[Saved entries]
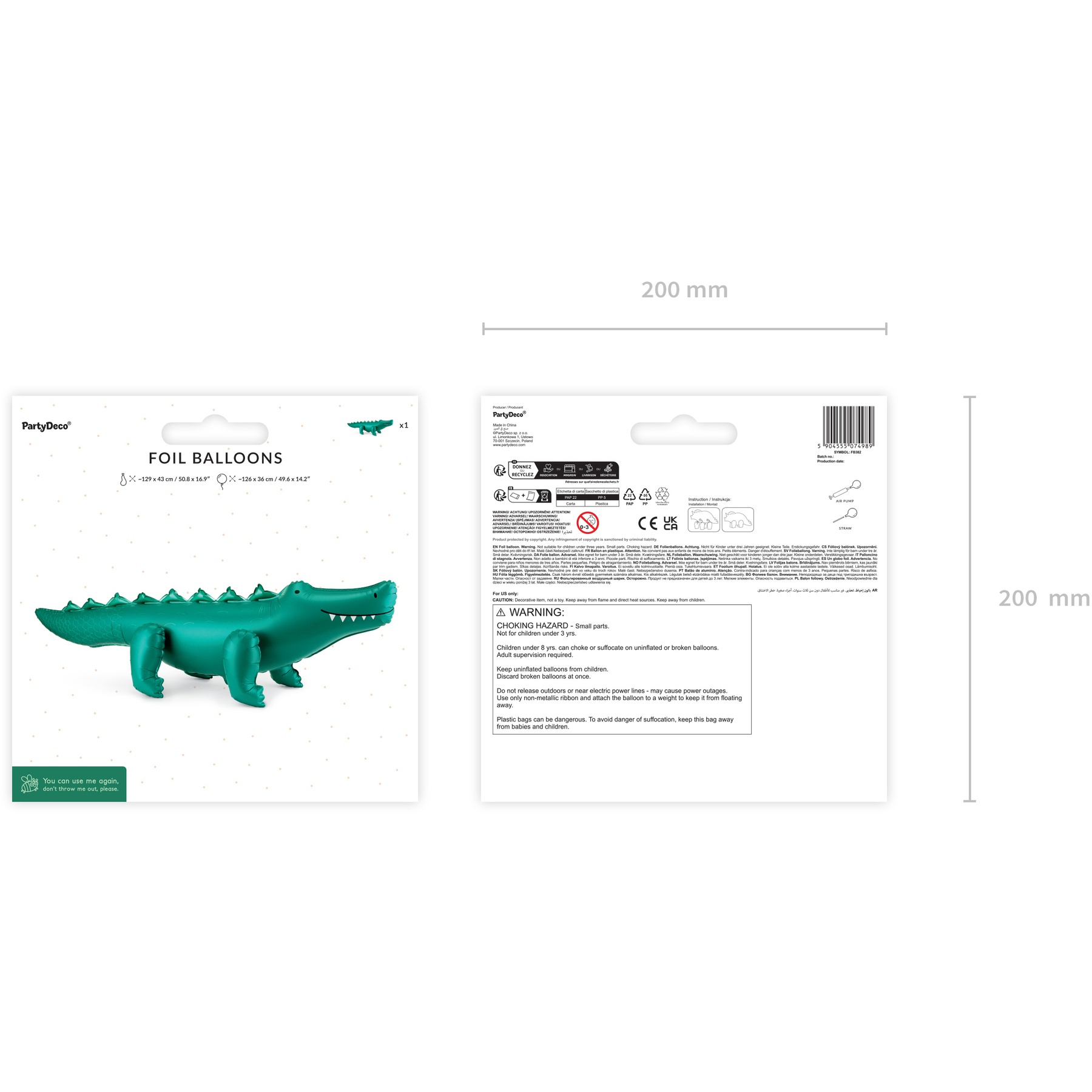 Ballon crocodile géant en vert foncé, parfait pour créer une ambiance saisissante sur le thème de la jungle. Sa silhouette allongée et tridimensionnelle capte l'attention et apporte une touche ludique et originale à toute décoration. Dimensions approximatives avant gonflage: 129 x 43 cm ; après gonflage: env. 126 x 36 cm. Conçu pour être gonflé uniquement à l'air, il constitue une pièce stable et remarquable qui servira de point focal lors de vos événements.
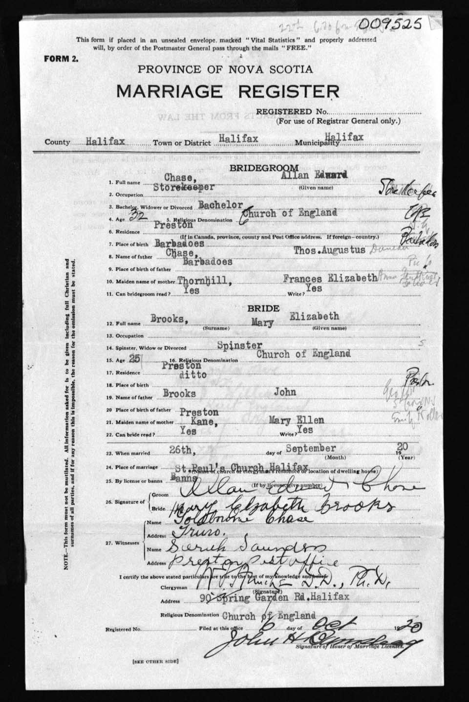 Registration: Year: 1920 number: 9525
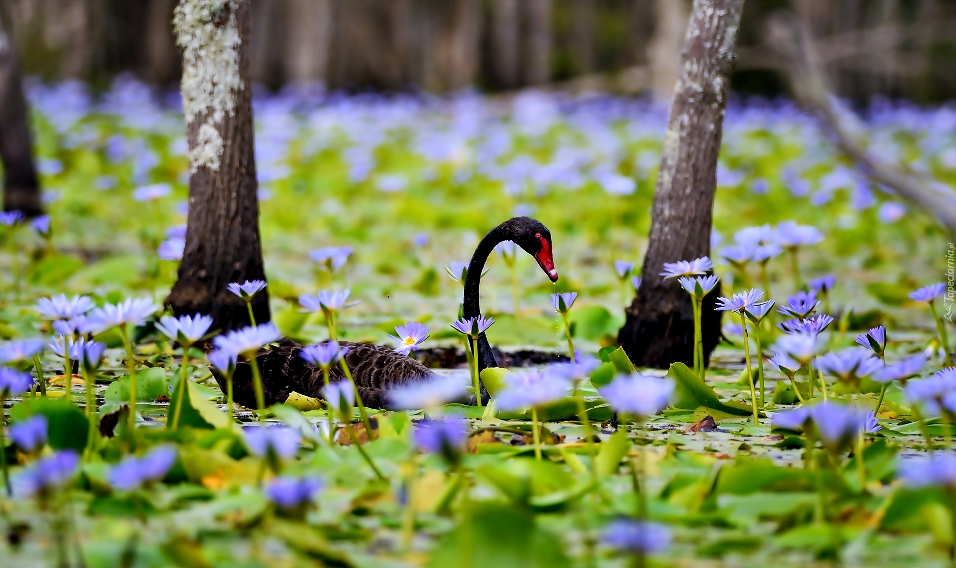 Edytor tapety: Czarny, Łabędź, Staw, Kwiaty, Lilie, Drzewa
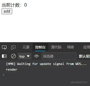 最开始时,页面显示count的值为0,控制台打印出render,这是 React 首次渲染时打印的。当点击完按钮后,页面显示count值是1,同时也只打印了1个render,说明在这过程中 React 只执行了一次setState,只执行了一次render()渲染操作。
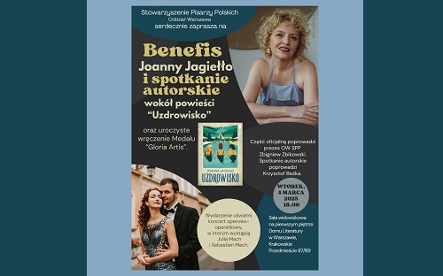 Oddział Warszawa Stowarzyszenia Pisarzy Polskich serdecznie zaprasza 4 marca o godz. 18:00 na Benefis Joanny Jagiełło do Domu Literatury w Warszawie, przy ul. Krakowskie Przedmieście 87/89. Program wieczoru: Część oficjalną wieczoru poprowadzi prezes OW SPP Zbigniew Zbikowski, spotkanie autorskie poprowadzi Krzysztof Beśka. Będzie możliwość zakupu książki „Uzdrowisko” oraz innych książek autorki. Joanna Jagiełło – z […]
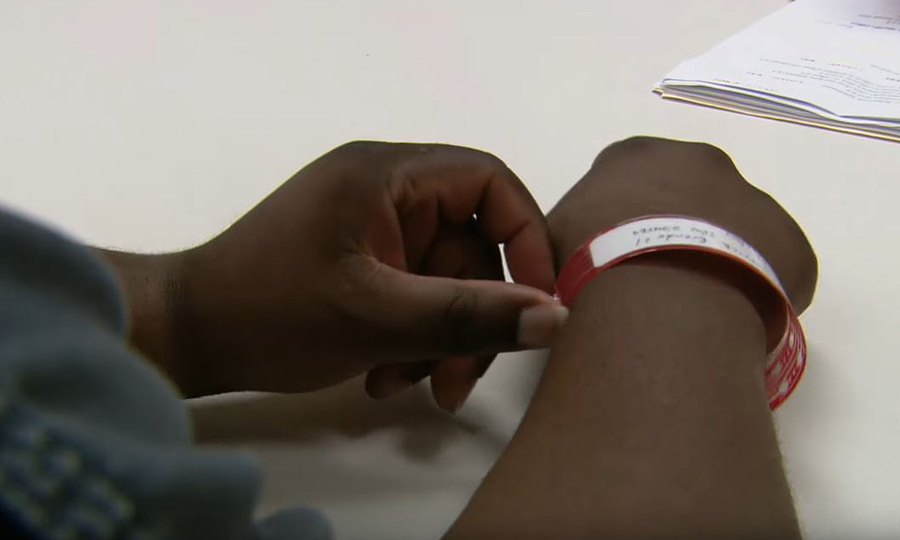 Tù nhân đeo thẻ căn cước trên cổ tay. Ảnh: Filmrise .
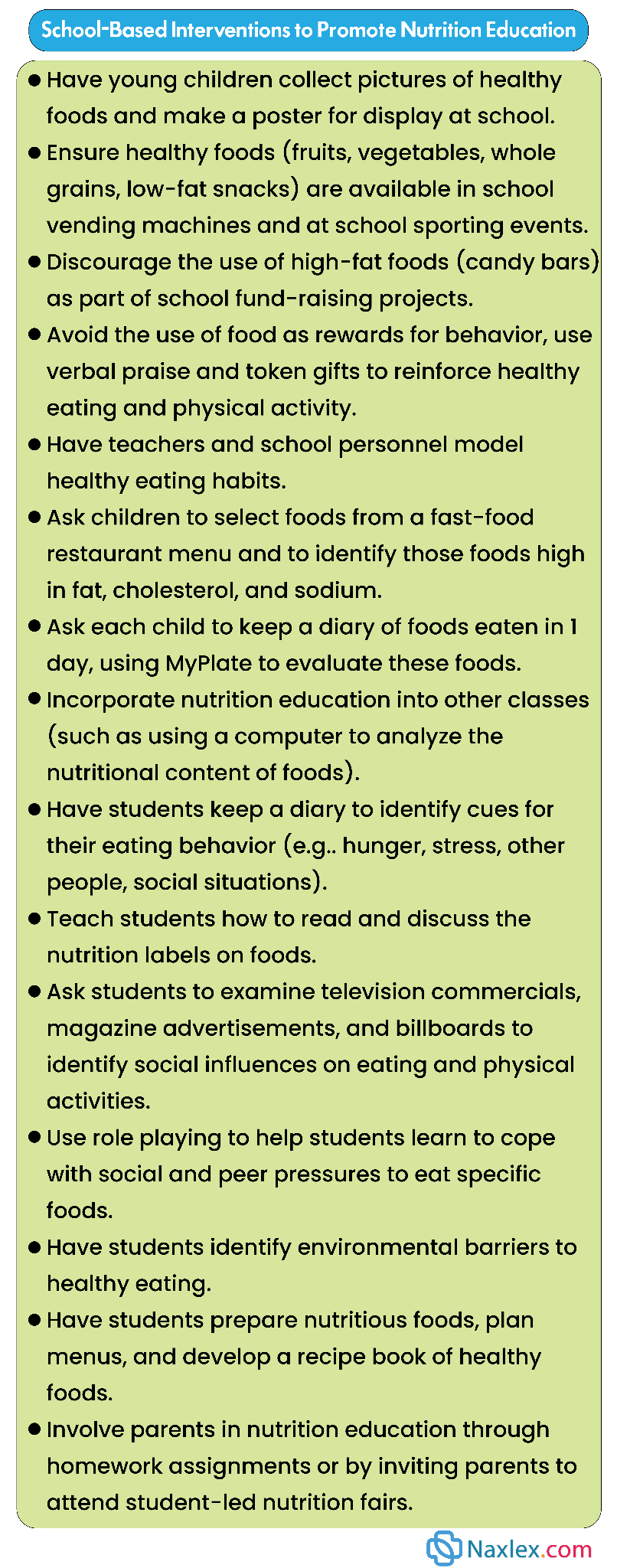 - Nutrition education should focus on balanced meals and the dangers of excessive screen time versus the benefits of at least 60 minutes of daily physical activity.
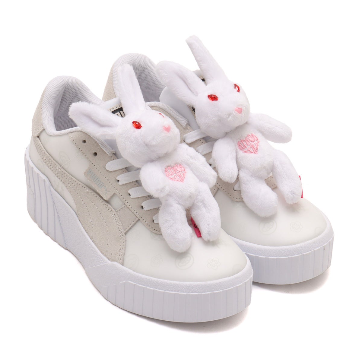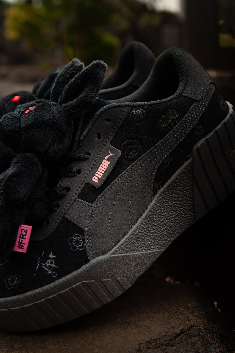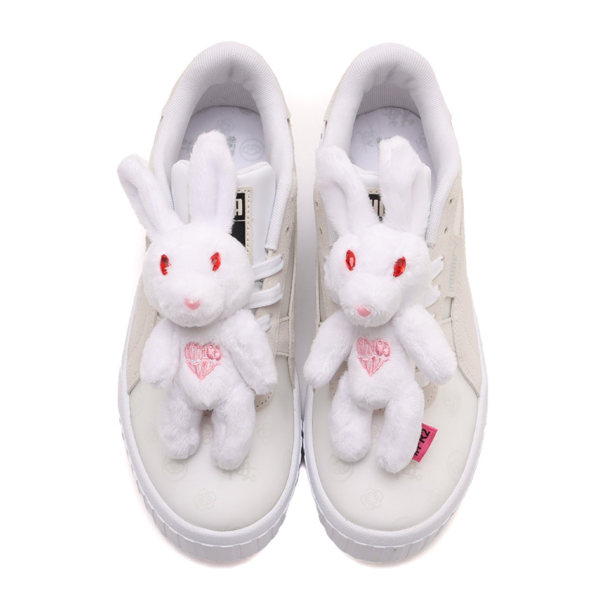 本コラボレーションでは#FR2梅のブランドアイコンでもある“Fxxking Rabbits”から白と黒の立体的なうさぎが取り外し可能な仕様でスニーカーに設置されており、#FR2梅らしい独自の斬新で大胆なアイディアとPUMAの人気モデルCALI WEDGEのスタイリッシュなボディーが掛け合わさったデザインとなっています。
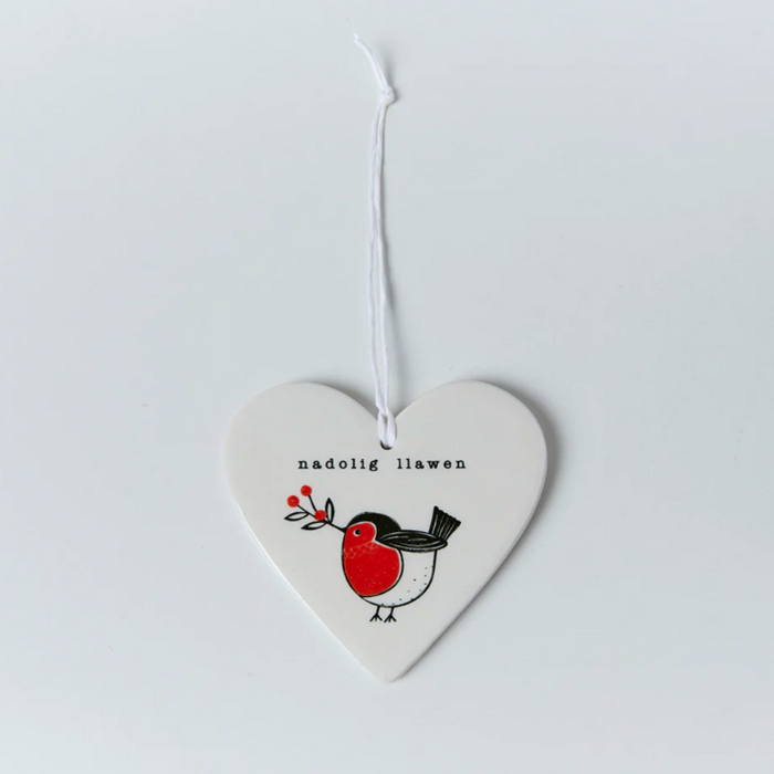 This beautiful ceramic heart-shaped Christmas decoration features a festive robin design, as well as the Welsh words for Merry Christmas - "Nadolig Llawen".
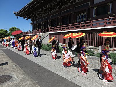 千部会とは、宗祖日蓮が現在の千葉県鴨川市の清澄山で、建長5年(1253年)4月28日、初めてお題目を唱え立教開宗したことにちなみ、池上本門寺で4月27~29日に行われる一連の法要で、法華経一部を読誦するもの。うち第三日目には世界平和祈願天童音楽大法要が行われ、それに伴い稚児行列が出る。

▶ _Your objective_
Before duplicating, set the pictures aside; then output exactly the lines from the one with "This beautiful ceramic" through the end of the records, and only those.

▶ _Response to this exercise_
 This beautiful ceramic heart-shaped Christmas decoration features a festive robin design, as well as the Welsh words for Merry Christmas - "Nadolig Llawen".
 千部会とは、宗祖日蓮が現在の千葉県鴨川市の清澄山で、建長5年(1253年)4月28日、初めてお題目を唱え立教開宗したことにちなみ、池上本門寺で4月27~29日に行われる一連の法要で、法華経一部を読誦するもの。うち第三日目には世界平和祈願天童音楽大法要が行われ、それに伴い稚児行列が出る。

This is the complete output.